- **MATERIAL PROVIDED**:
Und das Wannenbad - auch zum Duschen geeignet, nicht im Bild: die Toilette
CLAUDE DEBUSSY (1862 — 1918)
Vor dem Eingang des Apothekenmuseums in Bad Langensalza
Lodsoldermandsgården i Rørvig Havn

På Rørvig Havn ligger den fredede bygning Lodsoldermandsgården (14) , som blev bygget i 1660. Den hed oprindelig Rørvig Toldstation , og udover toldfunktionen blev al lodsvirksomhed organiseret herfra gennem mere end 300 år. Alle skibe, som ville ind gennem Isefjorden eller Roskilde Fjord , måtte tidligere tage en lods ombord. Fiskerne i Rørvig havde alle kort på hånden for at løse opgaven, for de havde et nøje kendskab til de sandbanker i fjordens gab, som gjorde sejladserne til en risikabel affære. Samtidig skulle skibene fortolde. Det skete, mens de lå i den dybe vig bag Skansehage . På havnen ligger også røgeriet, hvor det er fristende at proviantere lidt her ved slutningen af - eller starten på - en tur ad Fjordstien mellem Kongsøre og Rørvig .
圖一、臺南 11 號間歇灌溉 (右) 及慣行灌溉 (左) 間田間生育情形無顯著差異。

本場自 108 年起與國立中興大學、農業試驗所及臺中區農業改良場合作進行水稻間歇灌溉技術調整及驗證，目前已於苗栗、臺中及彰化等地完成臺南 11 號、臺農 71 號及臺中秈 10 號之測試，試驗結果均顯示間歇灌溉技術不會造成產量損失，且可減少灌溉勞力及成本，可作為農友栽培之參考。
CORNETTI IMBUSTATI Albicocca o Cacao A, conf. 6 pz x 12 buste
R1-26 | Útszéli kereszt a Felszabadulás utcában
==
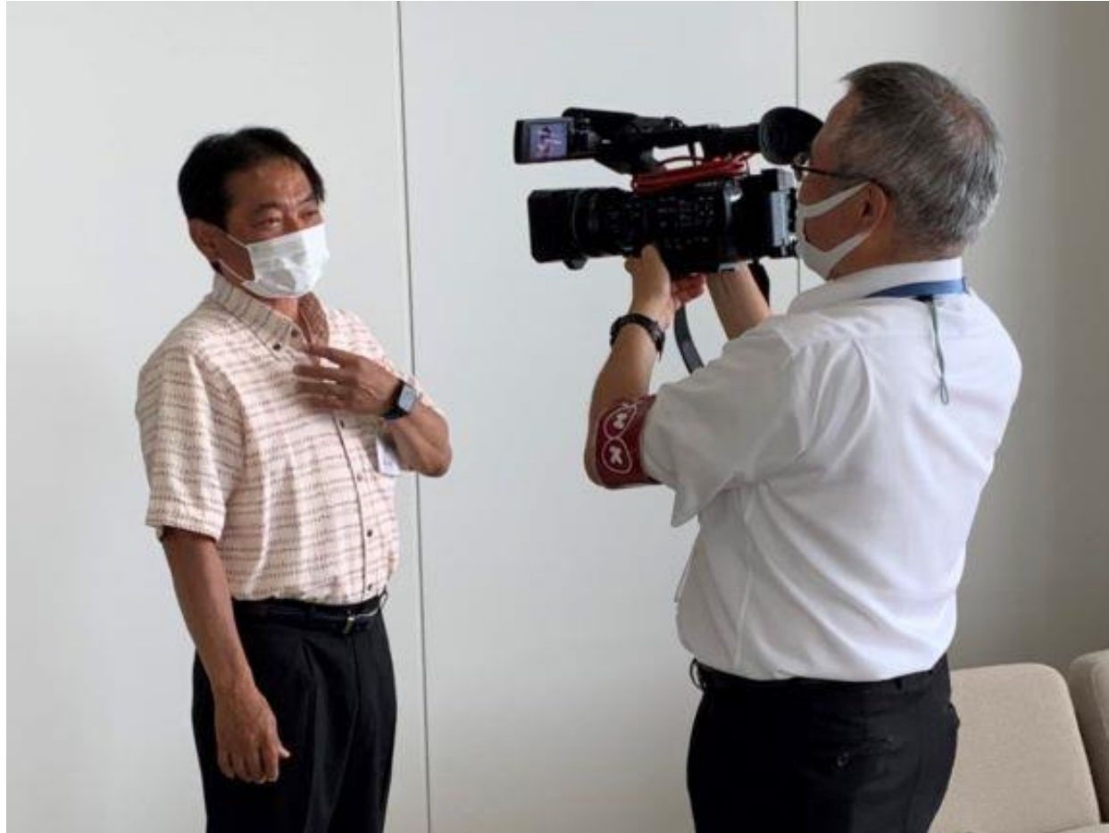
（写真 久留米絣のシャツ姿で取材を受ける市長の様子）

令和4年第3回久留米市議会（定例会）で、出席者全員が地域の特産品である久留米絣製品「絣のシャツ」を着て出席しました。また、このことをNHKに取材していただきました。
==
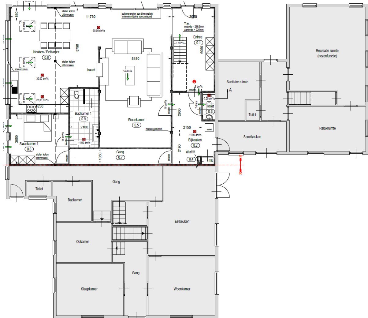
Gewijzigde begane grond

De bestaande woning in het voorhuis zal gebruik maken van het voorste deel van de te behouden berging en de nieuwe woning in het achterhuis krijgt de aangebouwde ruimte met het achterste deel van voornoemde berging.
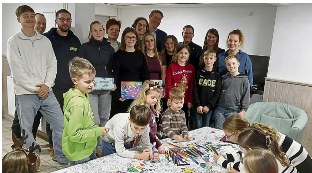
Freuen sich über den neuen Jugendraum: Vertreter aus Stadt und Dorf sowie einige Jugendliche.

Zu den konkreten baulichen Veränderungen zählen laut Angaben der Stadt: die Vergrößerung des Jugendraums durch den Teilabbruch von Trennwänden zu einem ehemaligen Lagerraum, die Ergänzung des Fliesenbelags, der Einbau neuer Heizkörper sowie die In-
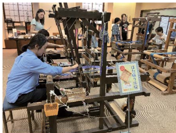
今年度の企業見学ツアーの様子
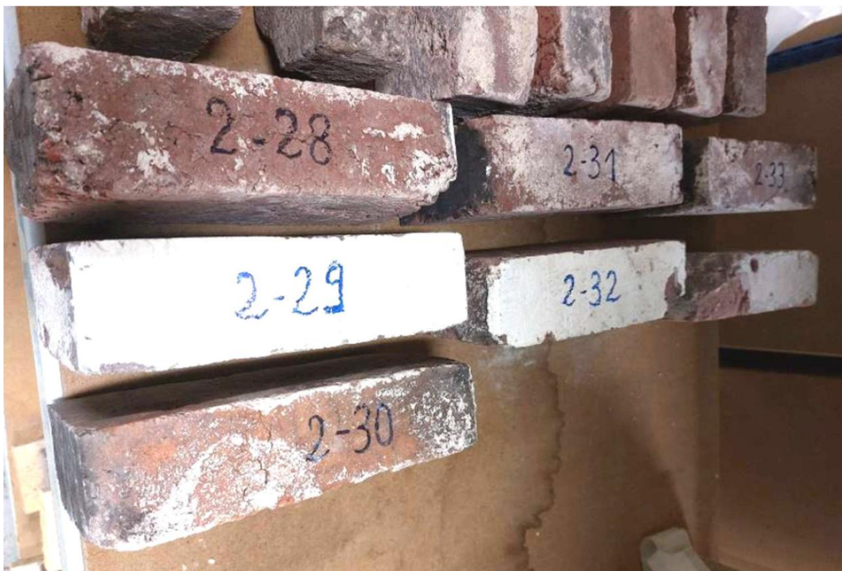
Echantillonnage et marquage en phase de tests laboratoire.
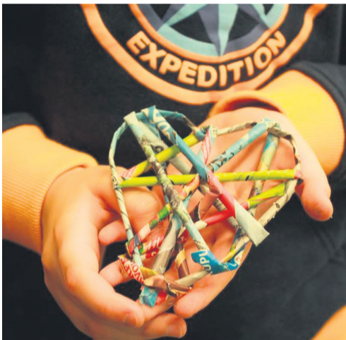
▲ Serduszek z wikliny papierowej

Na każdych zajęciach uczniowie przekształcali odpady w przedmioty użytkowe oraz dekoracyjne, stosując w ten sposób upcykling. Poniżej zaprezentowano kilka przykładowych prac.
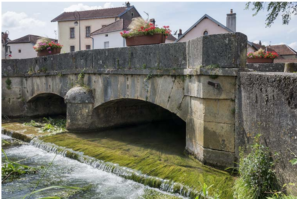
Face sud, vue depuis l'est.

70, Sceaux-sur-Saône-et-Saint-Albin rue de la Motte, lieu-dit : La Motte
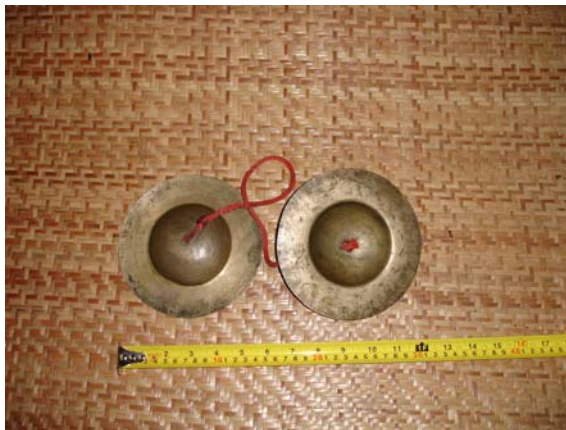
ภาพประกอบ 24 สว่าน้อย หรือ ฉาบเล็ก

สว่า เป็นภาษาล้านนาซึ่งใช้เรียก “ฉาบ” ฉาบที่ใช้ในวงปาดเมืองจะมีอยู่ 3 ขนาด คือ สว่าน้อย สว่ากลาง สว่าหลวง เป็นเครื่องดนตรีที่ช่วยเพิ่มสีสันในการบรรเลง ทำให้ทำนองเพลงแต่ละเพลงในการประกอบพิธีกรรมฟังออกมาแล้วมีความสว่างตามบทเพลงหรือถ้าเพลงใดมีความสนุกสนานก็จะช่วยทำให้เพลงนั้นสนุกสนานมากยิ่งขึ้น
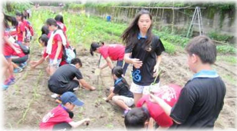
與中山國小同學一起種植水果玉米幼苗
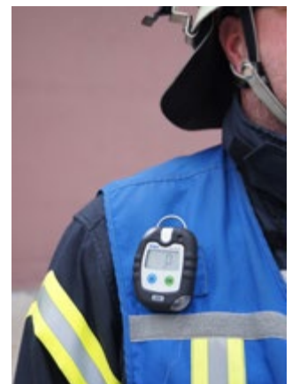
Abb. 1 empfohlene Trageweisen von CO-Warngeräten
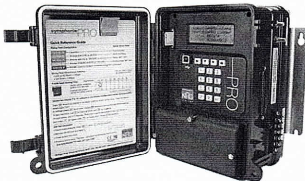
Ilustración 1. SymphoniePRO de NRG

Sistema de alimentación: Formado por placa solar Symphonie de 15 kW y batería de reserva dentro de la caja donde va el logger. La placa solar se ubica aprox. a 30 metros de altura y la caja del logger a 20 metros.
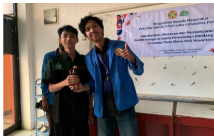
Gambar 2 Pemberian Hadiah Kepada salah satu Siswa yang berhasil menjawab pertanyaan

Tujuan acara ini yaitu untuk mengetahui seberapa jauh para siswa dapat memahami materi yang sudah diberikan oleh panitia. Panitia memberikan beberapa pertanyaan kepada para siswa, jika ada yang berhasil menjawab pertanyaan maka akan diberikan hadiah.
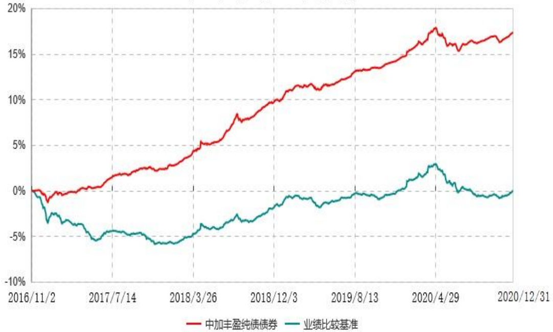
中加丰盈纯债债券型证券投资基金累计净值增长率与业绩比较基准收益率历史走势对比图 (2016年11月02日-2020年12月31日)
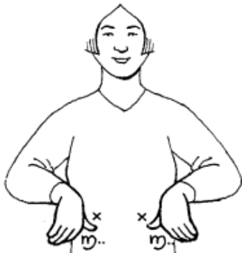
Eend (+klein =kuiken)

- **TASK INSTRUCTIONS**: From the material above, gather all lines that include the string "Stadt" and copy them.

- **ANSWER AREA**:
Freuen sich über den neuen Jugendraum: Vertreter aus Stadt und Dorf sowie einige Jugendliche.
Zu den konkreten baulichen Veränderungen zählen laut Angaben der Stadt: die Vergrößerung des Jugendraums durch den Teilabbruch von Trennwänden zu einem ehemaligen Lagerraum, die Ergänzung des Fliesenbelags, der Einbau neuer Heizkörper sowie die In-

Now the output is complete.